I used Pydantic to extend objects representing tables (e.g., classes for vocabulary type like SNOMED, concept ID, LOINC, no class concept ID, type concept ID, language concept like note base class). Pydantic sets rules for valid/optional fields, validates on object creation before database insert.
Before insert, check if note NLP exists for the note (though this might not make sense later—skipping for now). There are batch functions and create note NLP building on this.
Storing in Domain Tables
Note NLP breaks from OMOP-centric view; to make discoverable (e.g., via Atlas), store in domain tables. Fetch note NLP: get lexical variant (JSON question-answer), look at question concept ID (e.g., for microcalcification: 41327). Fetch concept from concepts table, check domain ID—it tells which OMOP CDM table (e.g., observations for microcalcifications).
Helper: given note NLP ID, return domain type (wraps this logic). Connect to observations table as observations. Get next primary key. Given note ID, get person ID from associated note.

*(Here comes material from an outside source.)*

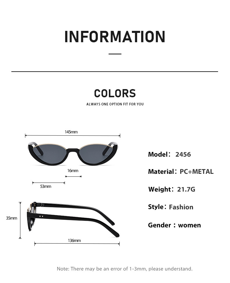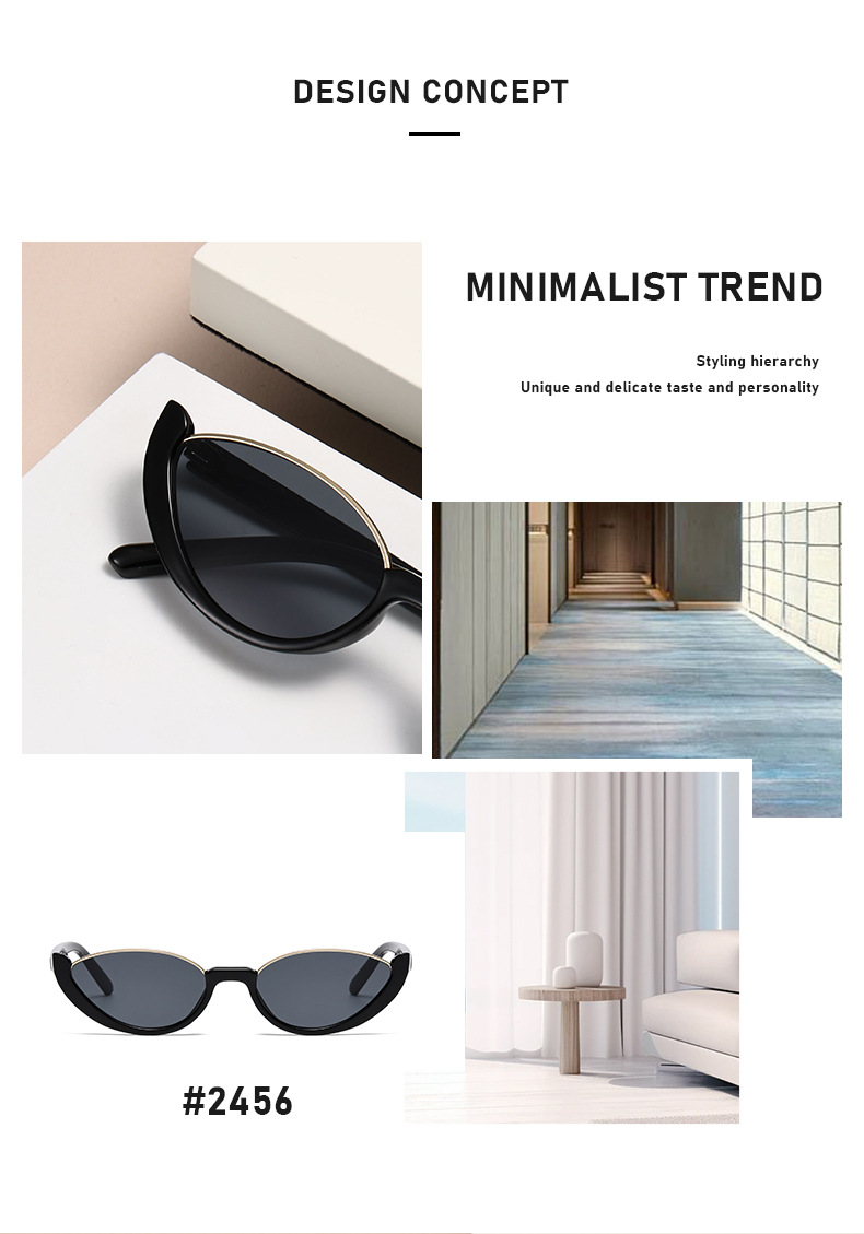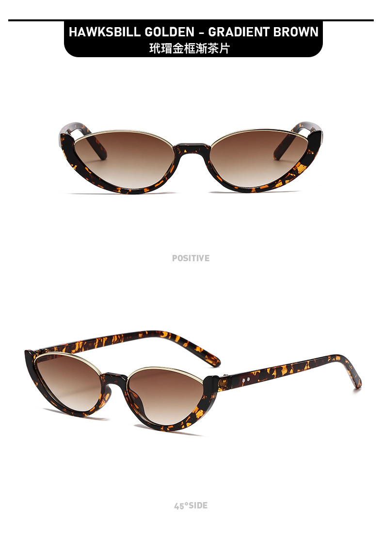 GLAZZY ヨーロッパとアメリカの新しいハーフフレームキャットアイサングラススモールフレーム無地ストリート撮影インターネットセレブ同じスタイルサングラスクロスボーダー

To prep observation: start with note NLP ID, fetch entry, get findings from lexical variant. Observation ID: next primary key; person ID: from note; observation concept ID: findings question concept ID; date/time: same as note NLP/note; observation type concept ID: NLP (type concept); value as concept: findings answer concept ID; observation source value: “table = note NLP; ID = [note NLP ID]” (for tracking/linkage back).
Handling Observation Periods
OMOP constraint: patients should be pre-populated with observation period (range of earliest/latest entries). When adding a note, check if note date falls within the patient’s observation period; if not, update start/end date.

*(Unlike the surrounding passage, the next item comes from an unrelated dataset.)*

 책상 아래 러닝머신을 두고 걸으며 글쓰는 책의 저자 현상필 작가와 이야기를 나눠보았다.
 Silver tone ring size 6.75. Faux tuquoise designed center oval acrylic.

I created a class in OMOP CDM 5-4 classes called ObservationPeriod. Helper: given person ID, retrieve from observation period table, check if note date exceeds range (returns tuple: true/false for too far past/future). Update if needed—otherwise, no validation error, but the entry won’t be discoverable in tools like Atlas (note -> note NLP -> domain table like observation).
Using FACT_RELATIONSHIP for Linkages
More recently, rather than free text/JSON in observation source value pointing back to note NLP, we use the FACT_RELATIONSHIP table. It allows pointing note NLP to domain table entry (and vice versa) with two concepts: “Has associated procedure” and “Associate procedure of”. For each pointer, add two entries in FACT_RELATIONSHIP for two-way linkage.
Wrapping Up
Zooming out: We take a FHIR diagnostic report ID, get text, run through the model (we’ll discuss that), process results into note and note NLP, then propagate to domain tables. This pipeline involved iterative helper functions, caching, transactions, and OMOP linkages I investigated deeply.
Questions? I’d love feedback on what to expand.